= Assignment =
The answer must be an exact reprint of the lines from the one with "粵暉園歸水橋位于無(wú)香" through the final line of the data, with no pictures included.

= Provided material =
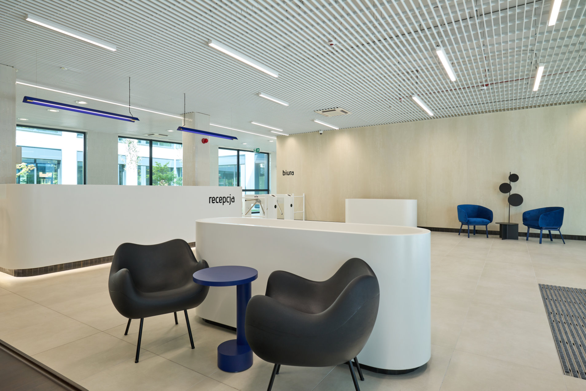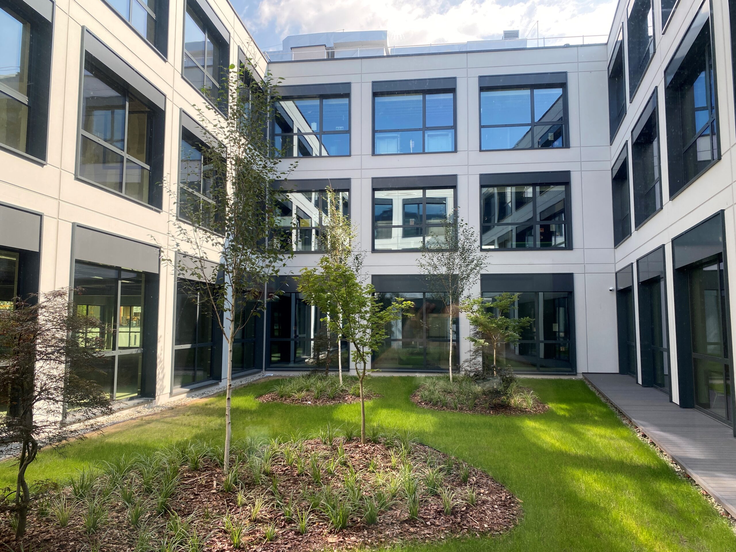 Dodatkowym atutem Urbi Ferro jest pięknie zagospodarowana zieleń z elementami małej architektury wokół budynku. Takie otoczenie to nie tylko komfort użytkowników i odwiedzających, ale także pozytywny wizerunek pracodawcy.
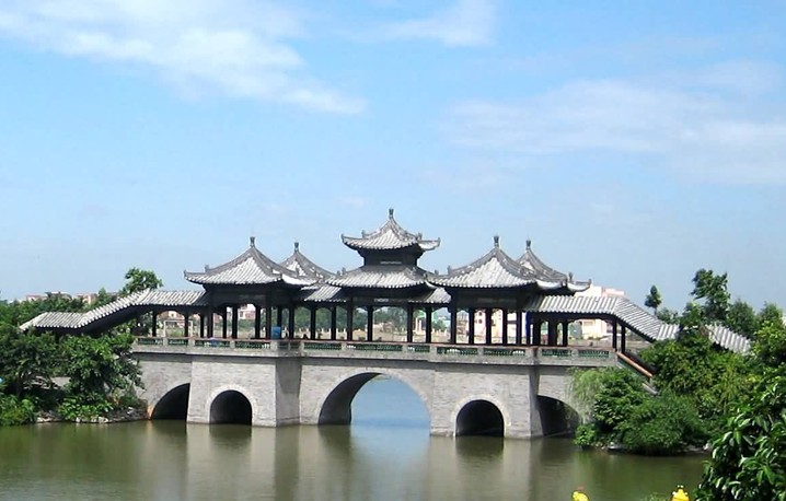 粵暉園歸水橋位于無(wú)香湖與映月湖交接的堤岸上,下設(shè)水閘,勢(shì)納東江,隨東江潮汐而變,換凈園水,永葆園內(nèi)水質(zhì)長(zhǎng)清,故稱(chēng)歸水橋。有詩(shī)為證:“橋自東江歸碧水,園從正道入青蚨”。歸水橋獨(dú)具嶺南特色,形象豐富。橋上架五亭如梅花布置,橋身用青石砌成,下由十二個(gè)大小不同的橋墩組成十五孔,平面呈“工”字形,兩側(cè)加階梯,橋面上矗立琉璃攢尖方亭五座,正中的主亭為重檐,其四角為單檐。每逢月滿,從正側(cè)橋孔觀望,每洞各映一月,金色晃動(dòng),眾月襯橋,使湖景更為美麗。歸水橋也是接通繞翠廊的關(guān)口,橋面相對(duì)前園高出3米多,這樣即使無(wú)香湖四周景觀高低起伏,又使繞翠廊有層次感,高低疊立,倚橋亭遠(yuǎn)眺,視野開(kāi)闊,園內(nèi)美景盡收眼底。正是“水應(yīng)園生,園因水活”。
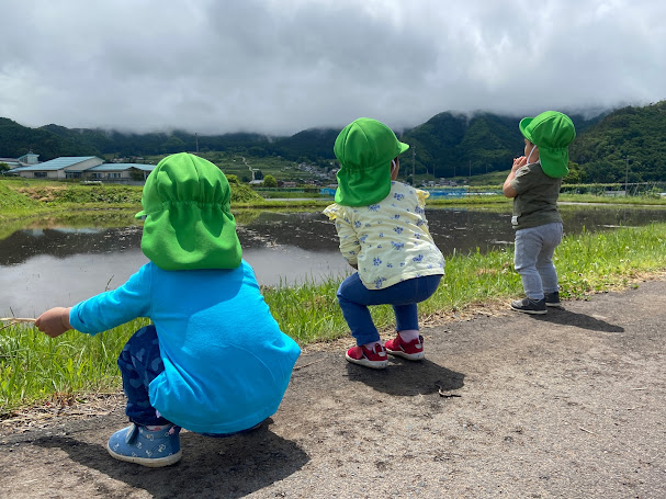 立ち止まった子ども達の目線の先に見えるのは・・・田んぼ。「おーい!オタマジャクシさ~ん!!」って言っているようです。(そう背中が言っていました・・・。)
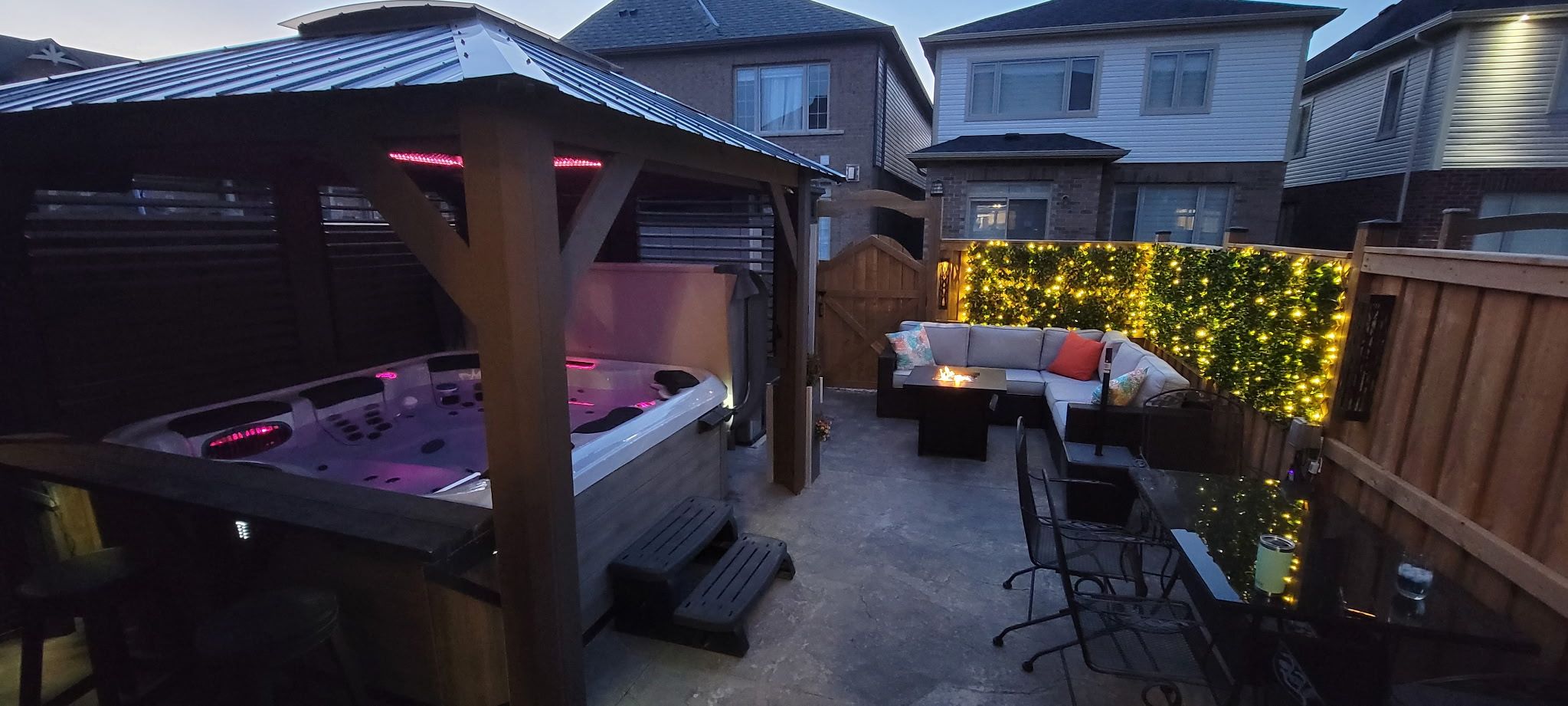 • Fully landscaped backyard with hot tub, gazebo, and BBQ line.

= Answer section =
 粵暉園歸水橋位于無(wú)香湖與映月湖交接的堤岸上,下設(shè)水閘,勢(shì)納東江,隨東江潮汐而變,換凈園水,永葆園內(nèi)水質(zhì)長(zhǎng)清,故稱(chēng)歸水橋。有詩(shī)為證:“橋自東江歸碧水,園從正道入青蚨”。歸水橋獨(dú)具嶺南特色,形象豐富。橋上架五亭如梅花布置,橋身用青石砌成,下由十二個(gè)大小不同的橋墩組成十五孔,平面呈“工”字形,兩側(cè)加階梯,橋面上矗立琉璃攢尖方亭五座,正中的主亭為重檐,其四角為單檐。每逢月滿,從正側(cè)橋孔觀望,每洞各映一月,金色晃動(dòng),眾月襯橋,使湖景更為美麗。歸水橋也是接通繞翠廊的關(guān)口,橋面相對(duì)前園高出3米多,這樣即使無(wú)香湖四周景觀高低起伏,又使繞翠廊有層次感,高低疊立,倚橋亭遠(yuǎn)眺,視野開(kāi)闊,園內(nèi)美景盡收眼底。正是“水應(yīng)園生,園因水活”。
 立ち止まった子ども達の目線の先に見えるのは・・・田んぼ。「おーい!オタマジャクシさ~ん!!」って言っているようです。(そう背中が言っていました・・・。)
 • Fully landscaped backyard with hot tub, gazebo, and BBQ line.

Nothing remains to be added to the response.